## WHAT THIS TASK INVOLVES
Pictures stay out of the output. Return exactly the lines below from the one with "Река в Сибири на рассвете на рассвете" down to the one with "Desea a alguien", both included, and nothing more.

## LISTED RECORDS
□ □ □

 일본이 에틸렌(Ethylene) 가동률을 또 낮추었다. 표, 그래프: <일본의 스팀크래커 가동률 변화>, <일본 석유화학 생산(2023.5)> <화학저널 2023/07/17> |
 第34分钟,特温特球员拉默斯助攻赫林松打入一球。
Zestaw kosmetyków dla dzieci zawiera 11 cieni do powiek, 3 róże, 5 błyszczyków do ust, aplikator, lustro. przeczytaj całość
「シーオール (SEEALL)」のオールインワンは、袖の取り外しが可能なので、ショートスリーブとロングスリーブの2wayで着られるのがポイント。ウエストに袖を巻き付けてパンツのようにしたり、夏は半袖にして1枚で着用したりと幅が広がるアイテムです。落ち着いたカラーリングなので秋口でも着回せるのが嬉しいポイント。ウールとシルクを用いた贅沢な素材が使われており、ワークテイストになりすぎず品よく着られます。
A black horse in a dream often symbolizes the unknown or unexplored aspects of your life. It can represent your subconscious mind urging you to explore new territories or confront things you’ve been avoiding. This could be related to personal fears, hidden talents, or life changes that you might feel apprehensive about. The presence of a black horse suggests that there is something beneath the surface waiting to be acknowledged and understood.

□ □ □

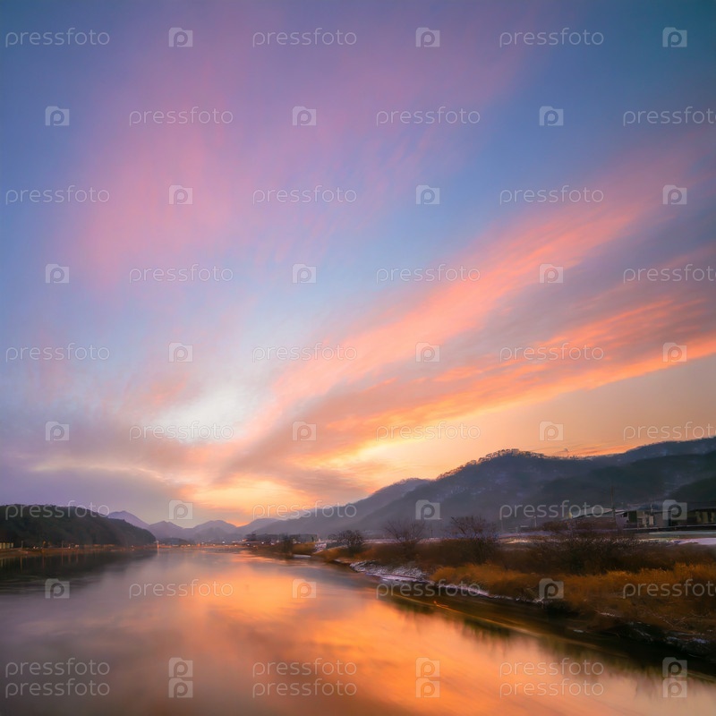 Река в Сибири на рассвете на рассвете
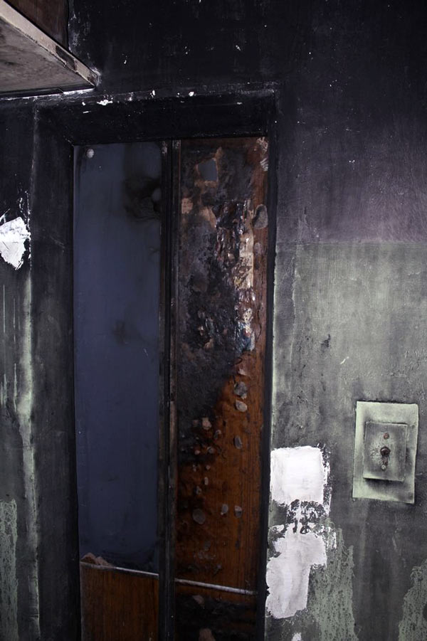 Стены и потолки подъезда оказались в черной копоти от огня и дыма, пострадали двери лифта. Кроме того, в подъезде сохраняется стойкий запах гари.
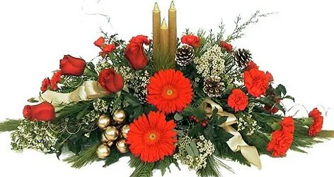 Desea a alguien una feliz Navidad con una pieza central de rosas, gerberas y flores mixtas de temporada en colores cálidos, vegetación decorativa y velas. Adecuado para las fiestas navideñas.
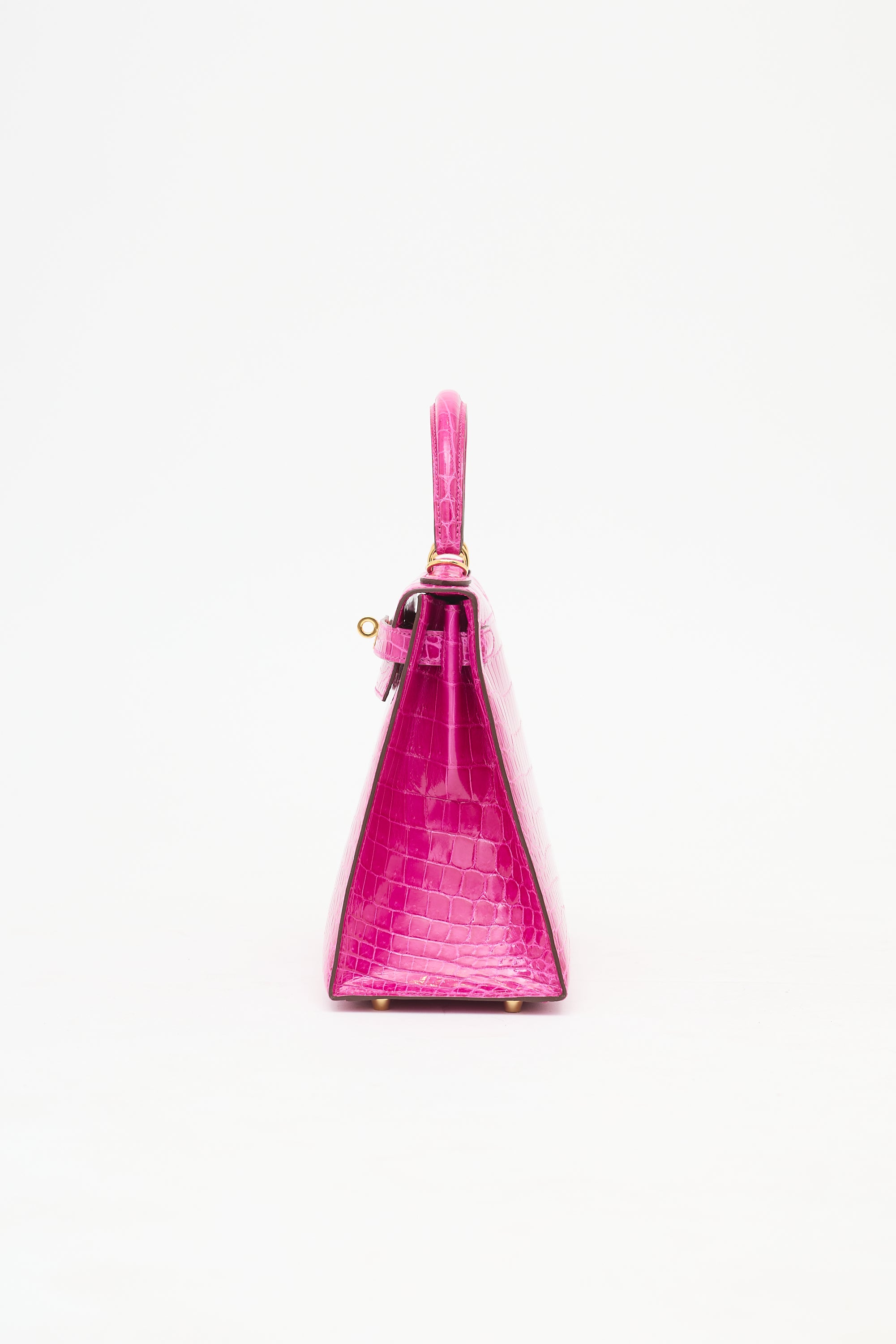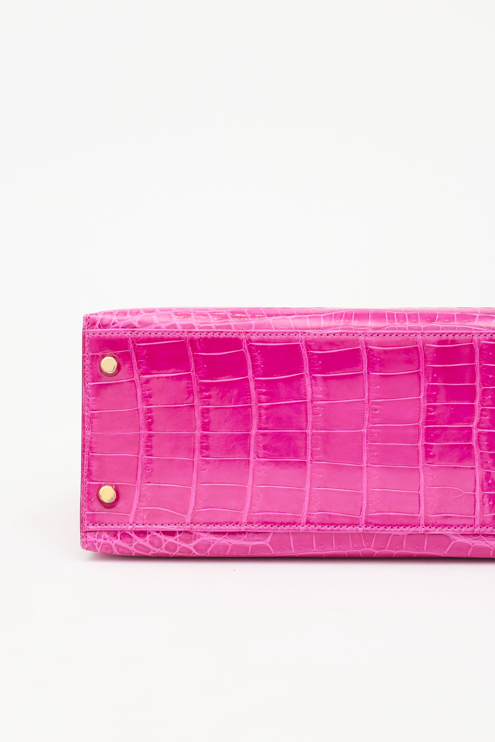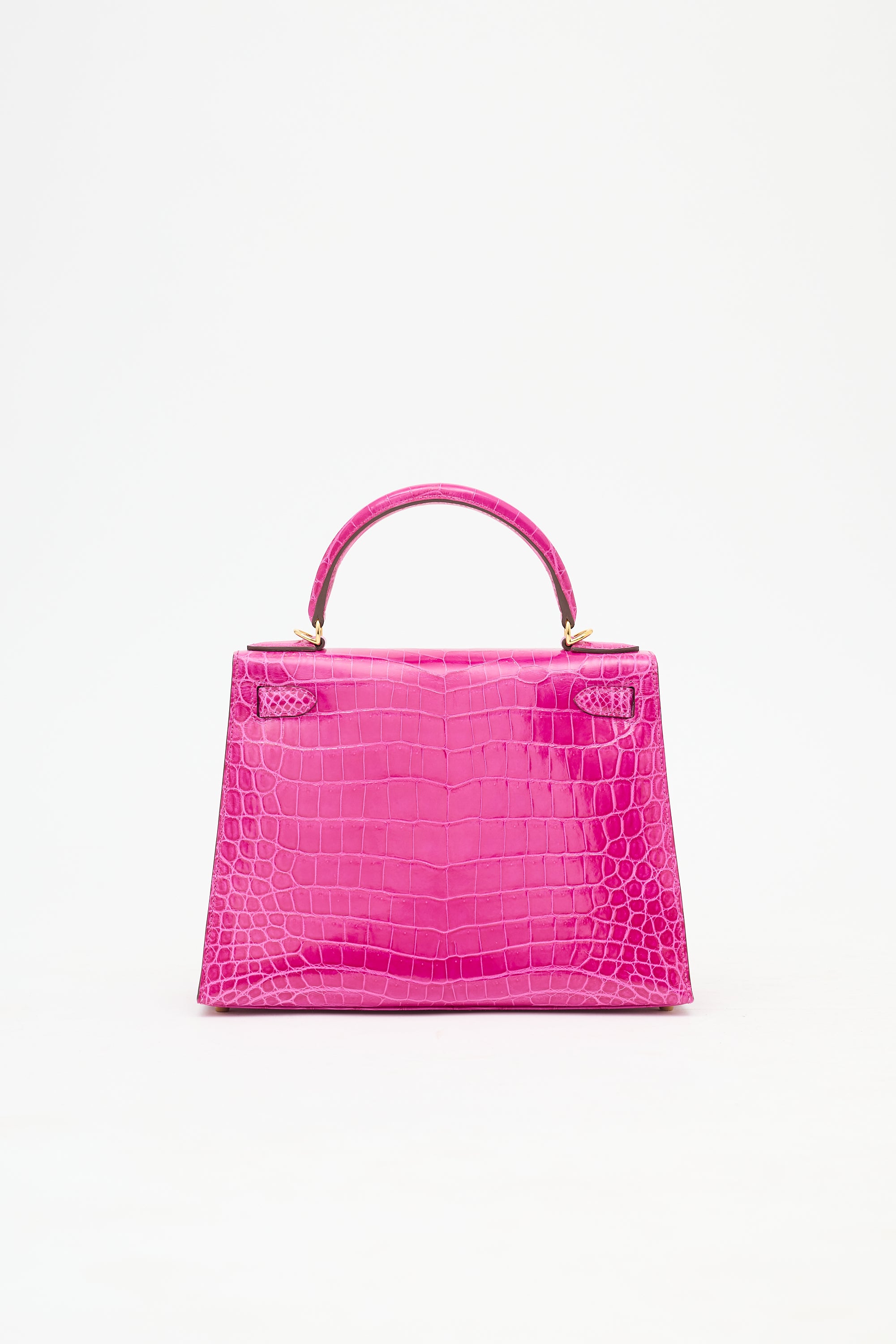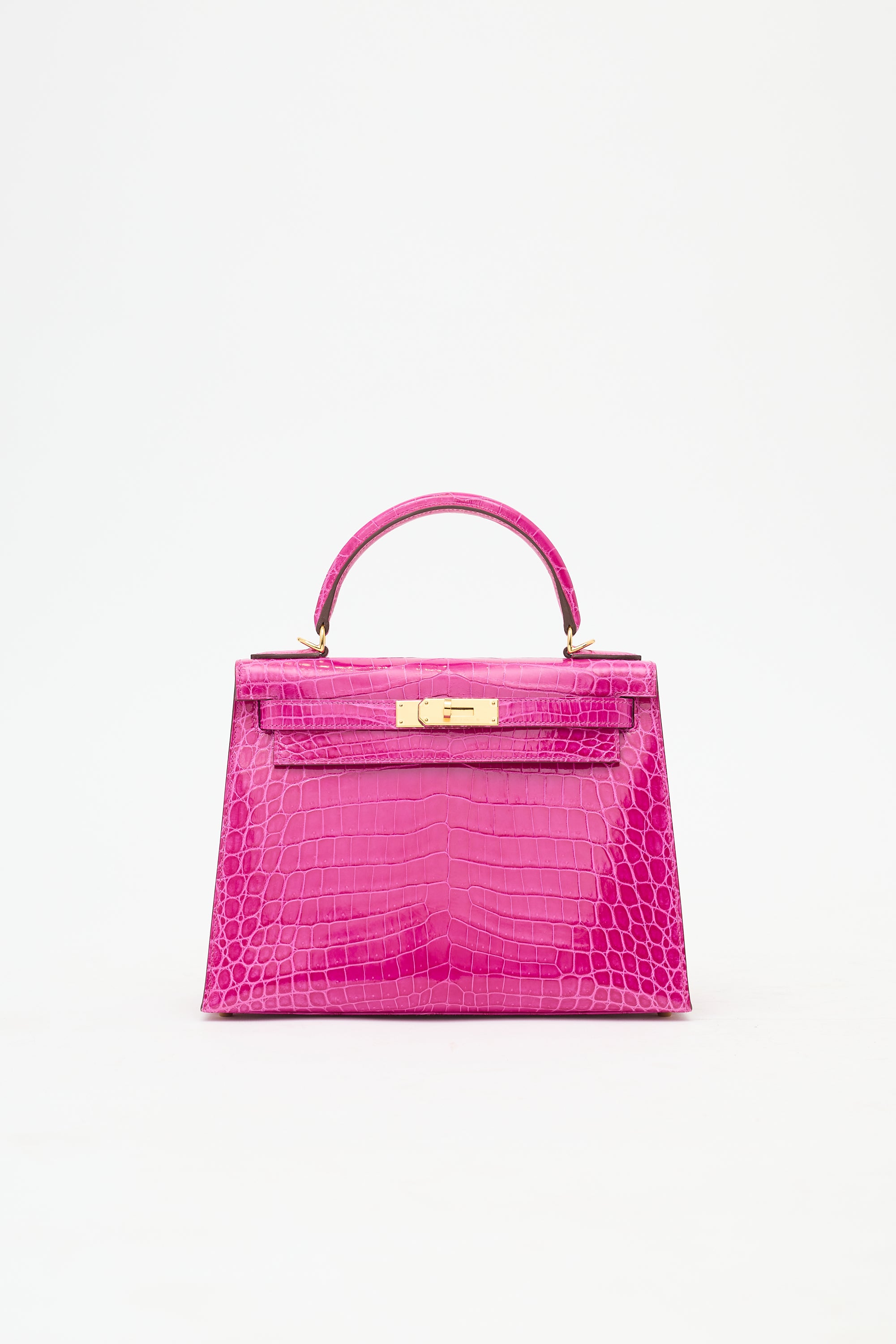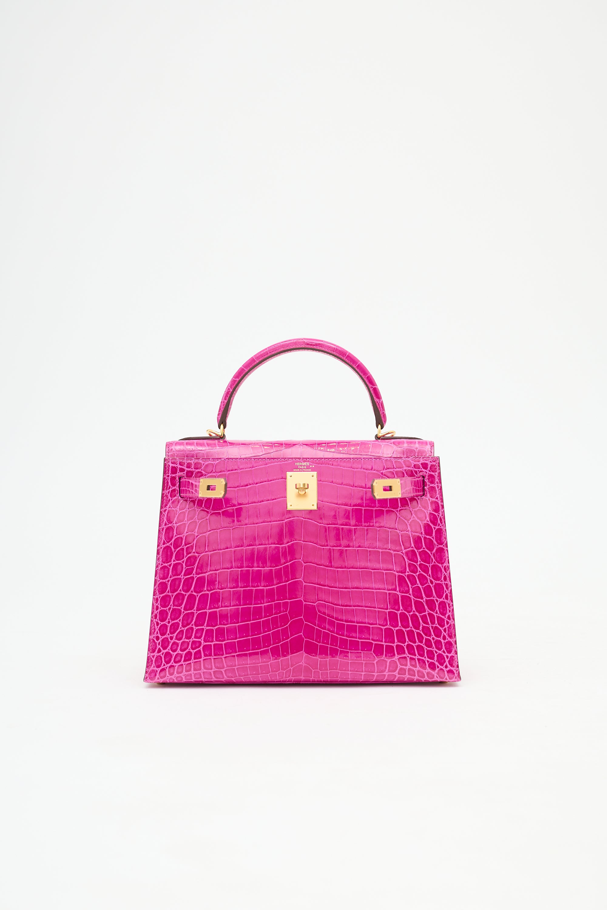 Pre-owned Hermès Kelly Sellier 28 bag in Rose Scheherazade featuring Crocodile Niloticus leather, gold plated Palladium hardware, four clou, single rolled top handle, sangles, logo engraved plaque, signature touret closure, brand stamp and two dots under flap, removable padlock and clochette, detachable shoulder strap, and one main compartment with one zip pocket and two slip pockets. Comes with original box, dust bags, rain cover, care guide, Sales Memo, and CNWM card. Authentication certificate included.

□ □ □

## YOUR SOLUTION
 Река в Сибири на рассвете на рассвете
 Стены и потолки подъезда оказались в черной копоти от огня и дыма, пострадали двери лифта. Кроме того, в подъезде сохраняется стойкий запах гари.
 Desea a alguien una feliz Navidad con una pieza central de rosas, gerberas y flores mixtas de temporada en colores cálidos, vegetación decorativa y velas. Adecuado para las fiestas navideñas.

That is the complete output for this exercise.